» **WORK ITEM**:
Starting from the line in which "今年度初めてのサッカー遊びでしたが、元気いっぱい体を動かして遊んでいましたよ!" appears, set down each line exactly through the end of the listing, and nothing else. Leave out pictures.

» **DATASET EXTRACT**:
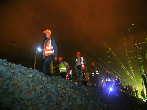 晚上19:30分,駐站聯(lián)絡員下達了封鎖命令號,隨著現(xiàn)場施工負責人的一聲令下,施工機械、作業(yè)人員迅速行動,并按照施工前的技術交底和各項分工迅速奔向各自的工作崗位,五分鐘后全員到達了既定的“手術點”。
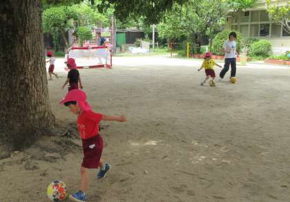 今年度初めてのサッカー遊びでしたが、元気いっぱい体を動かして遊んでいましたよ!
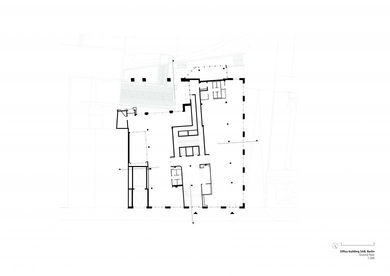 Durch die Bebauung des ansteigenden Grundstückes schneidet das Erdgeschoss um eine halbe Geschosshöhe in das Gelände ein und bildet hofwärts eine teils von den aufgehenden Geschossen überkragte Freifläche aus, in die wie eine historische Ruine der freigelegte Gewölberücken des unterirdischen Bierkellers integriert ist. Zwei erdgeschossige Konferenzräume sind zu diesem besonderen Außenbereich orientiert. Ein weiterer, deutlich kleinerer und allseitig gefasster eingesunkener Hof ist zwischen dem Neubau und dem Nachbargebäude in der Saarbrücker Straße in den Sockel eingetieft und belichtet einen weiteren, im Sockelmassiv gelegenen Besprechungsraum.

» **SOLUTION FOR THIS EXERCISE**:
 今年度初めてのサッカー遊びでしたが、元気いっぱい体を動かして遊んでいましたよ!
 Durch die Bebauung des ansteigenden Grundstückes schneidet das Erdgeschoss um eine halbe Geschosshöhe in das Gelände ein und bildet hofwärts eine teils von den aufgehenden Geschossen überkragte Freifläche aus, in die wie eine historische Ruine der freigelegte Gewölberücken des unterirdischen Bierkellers integriert ist. Zwei erdgeschossige Konferenzräume sind zu diesem besonderen Außenbereich orientiert. Ein weiterer, deutlich kleinerer und allseitig gefasster eingesunkener Hof ist zwischen dem Neubau und dem Nachbargebäude in der Saarbrücker Straße in den Sockel eingetieft und belichtet einen weiteren, im Sockelmassiv gelegenen Besprechungsraum.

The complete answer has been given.